Stored data:
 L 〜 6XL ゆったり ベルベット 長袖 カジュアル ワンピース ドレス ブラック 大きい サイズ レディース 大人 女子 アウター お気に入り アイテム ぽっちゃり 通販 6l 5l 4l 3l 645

* * *

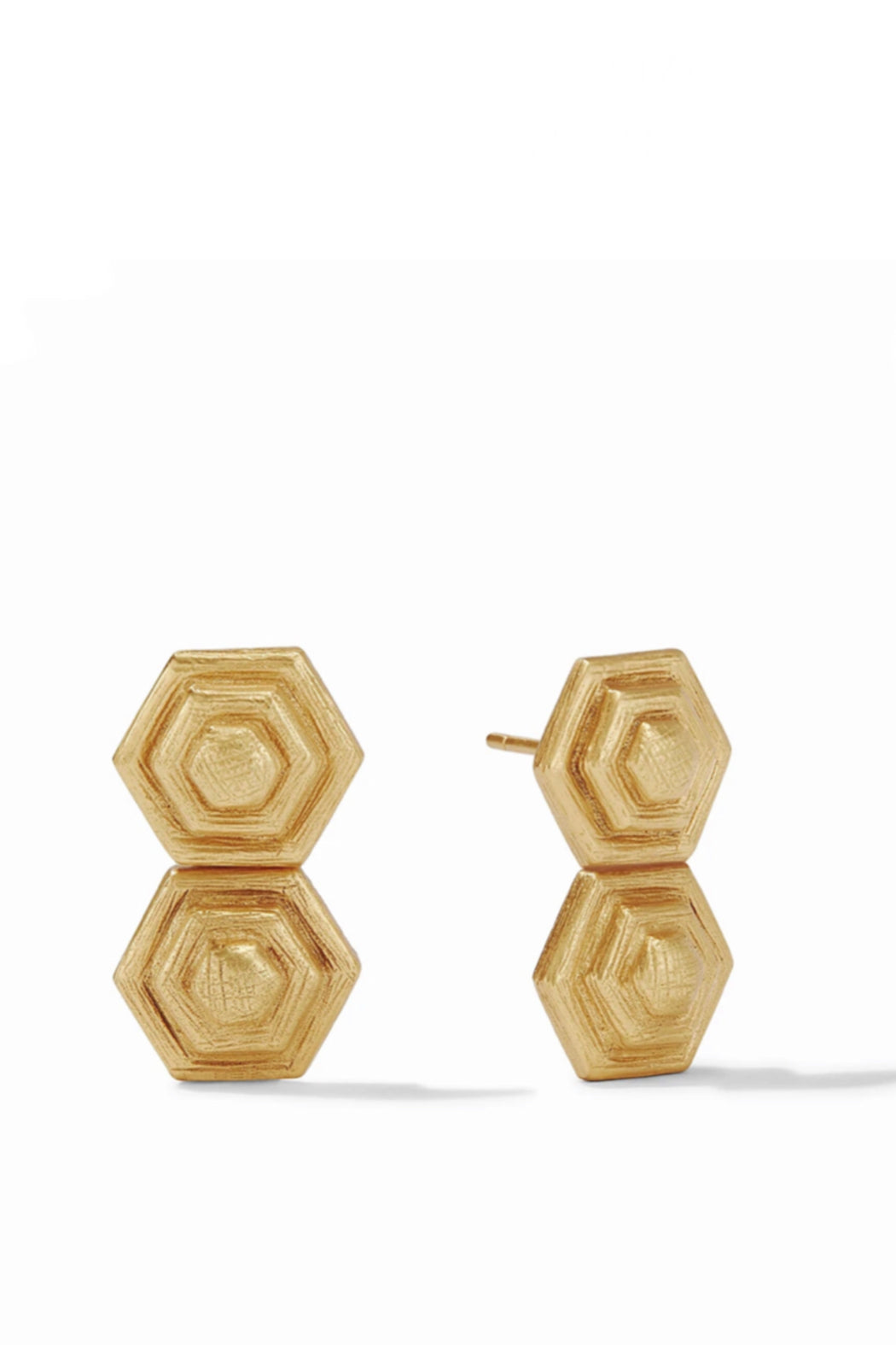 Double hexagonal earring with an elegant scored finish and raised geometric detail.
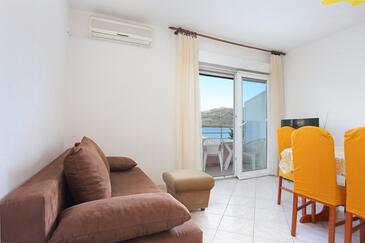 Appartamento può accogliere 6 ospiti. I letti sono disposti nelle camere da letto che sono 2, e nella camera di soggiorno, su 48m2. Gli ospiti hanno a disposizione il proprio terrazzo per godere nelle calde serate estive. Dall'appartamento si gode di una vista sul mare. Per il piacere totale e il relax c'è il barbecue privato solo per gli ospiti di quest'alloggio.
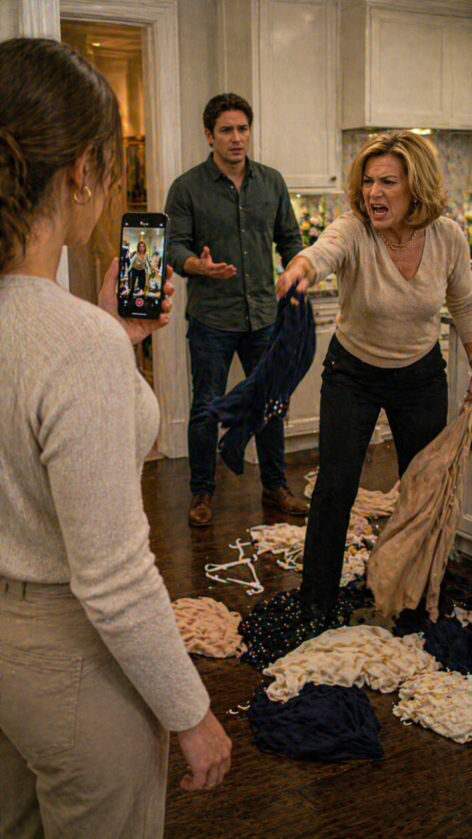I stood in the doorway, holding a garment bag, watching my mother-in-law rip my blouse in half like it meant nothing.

* * *

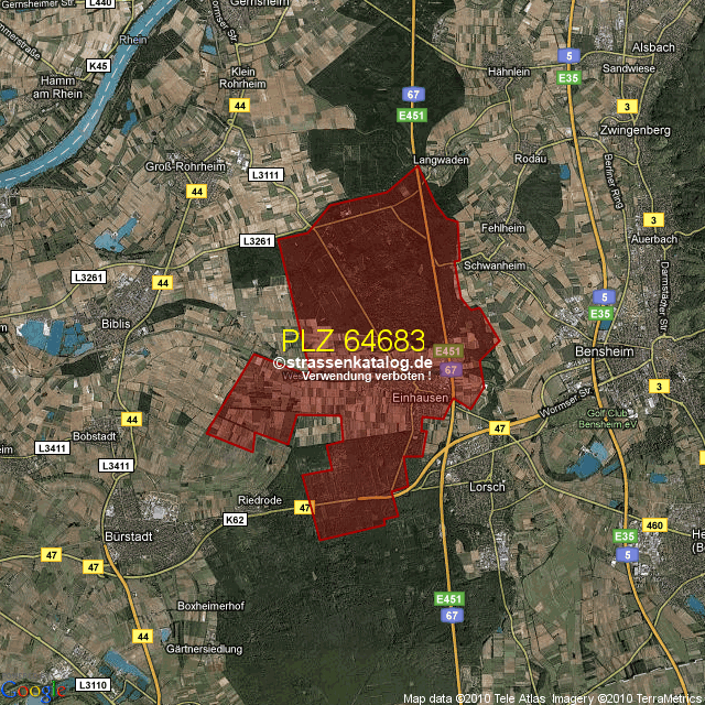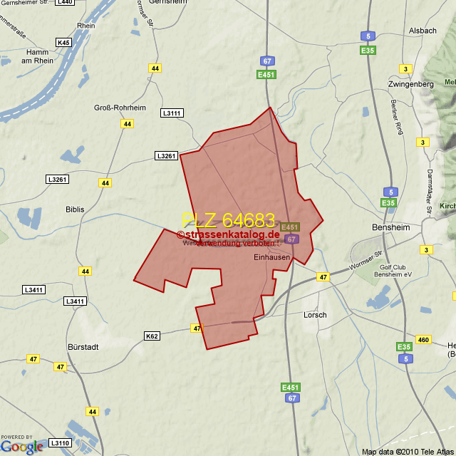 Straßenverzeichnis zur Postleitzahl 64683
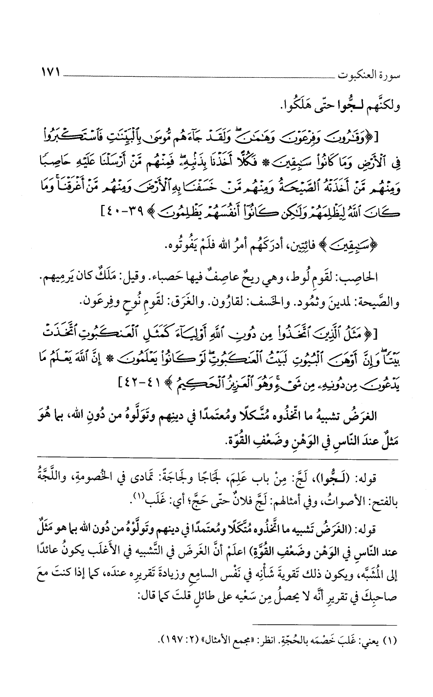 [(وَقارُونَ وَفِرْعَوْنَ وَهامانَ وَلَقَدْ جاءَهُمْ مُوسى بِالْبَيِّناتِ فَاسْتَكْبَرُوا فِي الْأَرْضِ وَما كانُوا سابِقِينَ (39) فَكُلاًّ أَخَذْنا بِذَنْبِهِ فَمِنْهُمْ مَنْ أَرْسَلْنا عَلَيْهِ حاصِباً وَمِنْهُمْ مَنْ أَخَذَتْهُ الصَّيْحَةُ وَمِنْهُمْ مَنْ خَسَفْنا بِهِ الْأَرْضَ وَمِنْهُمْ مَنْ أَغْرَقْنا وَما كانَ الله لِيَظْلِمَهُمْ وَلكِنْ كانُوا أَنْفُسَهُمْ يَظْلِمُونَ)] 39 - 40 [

Description of the task:
Nothing but the lines above from the line with "Double hexagonal earring" up to and including the line with "Appartamento può accogliere" should be returned, exactly as written and without pictures.

Task output:
 Double hexagonal earring with an elegant scored finish and raised geometric detail.
 Appartamento può accogliere 6 ospiti. I letti sono disposti nelle camere da letto che sono 2, e nella camera di soggiorno, su 48m2. Gli ospiti hanno a disposizione il proprio terrazzo per godere nelle calde serate estive. Dall'appartamento si gode di una vista sul mare. Per il piacere totale e il relax c'è il barbecue privato solo per gli ospiti di quest'alloggio.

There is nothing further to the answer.